Although, what was the best way to tell a friend that the choices he’d made were among the stupidest of all time, and that he was, in short, a complete dumbfuck?
Max was not oblivious to Jules’s internal hemming and hawing. “If you have something you need to say, for the love of God, just say it. Don’t sit there making all those weird noises.”
What? “What noises? I’m not making weird noises.”
“Yeah,” Max said. “You are.”
“Like what? Like . . . ?” He held out his hands, inviting Max to demonstrate.
“Like . . .” Max sighed heavily. “Like . . .” He made a tsking sound with his tongue.
Jules laughed. “Those aren’t weird noises. Weird noises are like, whup-whup-whup-whup”—he imitated sounds from a Three Stooges movie—“or Vrrrrrr.”
“Sometimes I really have to work to remind myself that you’re one of the Bureau’s best agents,” Max said. “You have something to say to me, Cassidy, say it. Or shut the fuck up.”

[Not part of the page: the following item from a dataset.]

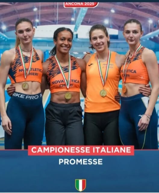 Venerdì 14 marzo, alle ore 11.30, presso la Sala Consiglio del Comune di CHIERI (via Palazzo di città, 10), il Sindaco Alessandro SICCHIERO e l’assessore allo Sport Flavio GAGLIARDI incontreranno e premieranno quattro giovani atlete della società sportiva Novatletica Chieri, che hanno conquistato tre titoli italiani under 23 in occasione dei recenti Campionati italiani Indoor Juniores e Promesse 2025, svoltisi ad Ancona: Gaya Bertello, titolo italiano under 23 sui 60 metri e titolo italiano under 23 della staffetta 4×1 giro;Clarissa Vianelli, titolo italiano under 23 sui 400 metri e titolo italiano under 23 della staffetta 4×1 giro; Martina Vianelli e Giorgia Palumbo, titolo italiano under 23 della staffetta 4×1 giro.

“All right,” Jules said. “I will.” He took a deep breath. Exhaled. “Okay, see, I, well, I love you. Very, very much, and . . .” Where to go from here . . . ?
Except, his plain-spoken words earned him not just a glance but Max’s sudden full and complete attention. Which was a little alarming.
But it was the genuine concern in Max’s eyes that truly caught Jules off-guard.
Max actually thought . . . Jules laughed his surprise. “Oh! No, not like that. I meant it, you know, in a totally platonic, non-gay way.”
Jules saw comprehension and relief on Max’s face. The man was tired if he was letting such basic emotions show.
“Sorry.” Max even smiled. “I just . . .” He let out a burst of air. “I mean, talk about making things even more complicated . . .”
It was amazing. Max hadn’t recoiled in horror at the idea. His concern had been for Jules, about potentially hurting his tender feelings. And even now, he wasn’t trying to turn it all into a bad joke.
And he claimed they weren’t friends.
Jules felt his throat tighten. “You can’t know,” he told his friend quietly, “how much I appreciate your acceptance and respect.”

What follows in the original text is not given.